First cousin to conspiracy: the Racketeer Influenced Corrupt Organizations
Act, enacted to help snag mafia types who profit from interstate
trafficking in drugs, prostitution, murder, whatever. It was used against
anti-abortion protesters -- with the Supreme Court's blessing. It also
became a lucrative source of income for the Drug Enforcement
Administration, which targeted people who had a lot of property. Misuse has
abated somewhat since agents got the wrong house and killed a suitably rich
but inconsiderately innocent man who didn't grasp the economics of the
enterprise. It's still on the books, though.

In some states, if you're convicted of a sex offense it's not enough for
you to serve every day of your sentence. Another jury can be convened (note
the absence of another offense or another indictment), and if the jurors,
drawing on their vast medical expertise, conclude that you would have
"serious difficulty" controlling yourself, the state doesn't have to let
you out.

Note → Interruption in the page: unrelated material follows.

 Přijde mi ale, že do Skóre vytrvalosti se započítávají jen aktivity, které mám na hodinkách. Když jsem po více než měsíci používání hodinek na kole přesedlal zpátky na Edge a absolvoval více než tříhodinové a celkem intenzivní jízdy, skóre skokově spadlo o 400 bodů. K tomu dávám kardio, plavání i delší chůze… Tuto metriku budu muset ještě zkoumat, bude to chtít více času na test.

Thus saith the nation's court of last resort.

This once was true, and I've heard nothing about any reform: IRS auditors
must tell you if they find an error you've made in your favor, but they
need not tell you if they find an error you've made in the government's favor.

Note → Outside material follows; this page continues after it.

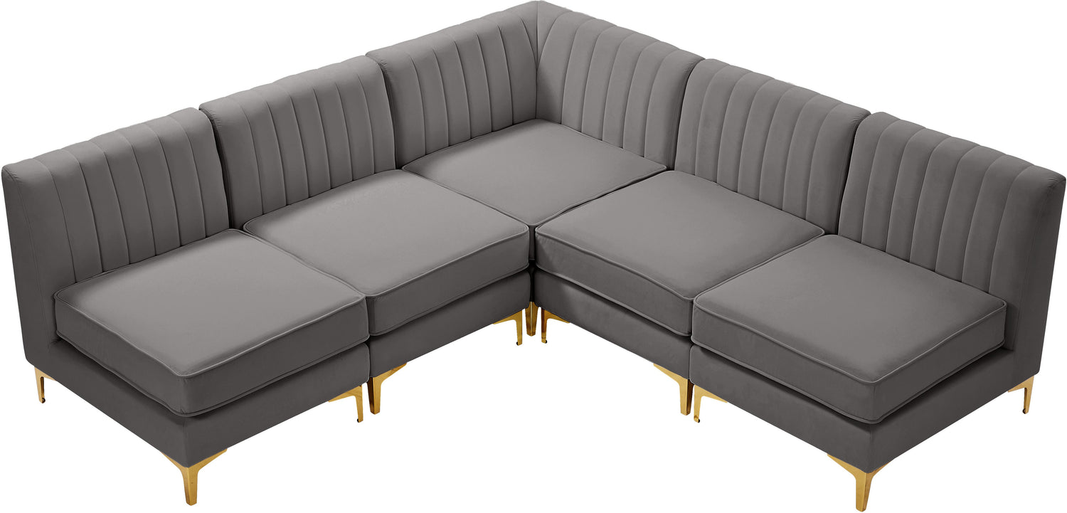 Alina Grey Velvet Modular Sectional is backordered and will ship as soon as it is back in stock.

Give government credit for consistency, if nothing else. Unless this one
has been repealed, it is unlawful for you to lie to Congress. It is not, as
columnist James J. Kilpatrick noted when this abomination slipped through
two decades ago, unlawful for Congress to lie to you. So we can still hold
House and Senate campaigns.

Same with federal investigators and grand juries. Unless you're the target
of the investigation, you do not have the right to remain silent and must
truthfully answer every question about anything you've ever done -- to
include incriminating yourself, in whatever detail is desired. In the grand
jury room you do not have the right to have an attorney present. If you
desire an attorney and cannot afford one, one will not be appointed for
you. If you do not understand each of these rights it doesn't matter
because you don't have them anyway. Madison is much, much better off dead.
That one would kill him, in great agony.

In Jimmy's day, jail was a place where you were briefly held until the
authorities were ready to hang you, put you in the stocks or something.
Now, jail could be your home for a year or two as you await your day in
court. And no wrong would have been done because confinement isn't an issue
until your speedy trial has commenced. Isn't that clever?

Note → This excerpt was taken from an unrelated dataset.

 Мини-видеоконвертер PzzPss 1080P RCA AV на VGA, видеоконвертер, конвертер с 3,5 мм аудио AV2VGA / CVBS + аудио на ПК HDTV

Three-strikes laws: We all remember the guy (for God's sake, we can at
least remember him, can't we?) who was sentenced to life in prison, no
possibility of parole, for stealing a pizza.

Drug-baron laws: A woman draws the same sentence for a drug conviction
because the total weight of the morphine compound that she sold for $150
exceeded 56 grams. (Happy ending: She was resentenced to time served after
an appellate court ruled that life without parole was a mite harsh for a
first offense. Great. Only four years' hard time.)

Now, right here is where I await groans of disappointment from some of my
anti-government correspondents who've been sitting there asking in
disbelief, "What the hell's got into Smith? He's making sense!"

Back off. I've been editorializing against such things, as they evolved,
for more than 30 years. But here is how reality works: Once is not always;
flawed is not dysfunctional; and there's a huge difference between isolated
rotten judgments and The Way Things Are.

Nothing devised by humans can be perfect. But our system is resilient and
adaptive, able to take direct hits and still deliver most of the goods,
most of the time. I've seen no rival for it -- not majoritarianism, nor
fascism, nor theocracy nor oligarchy nor communism nor anarchy nor Naziism.
("Nazi" began as an acronym, key word "Socialist.")

I'll always be a critic of our system, but I'd die to preserve it -- and
with it the hope that self-governing people will hold onto most of what is
good about it and, over time, send most of the rest the way of the dodo.

Gene Smith is the Observer's senior editorial writer.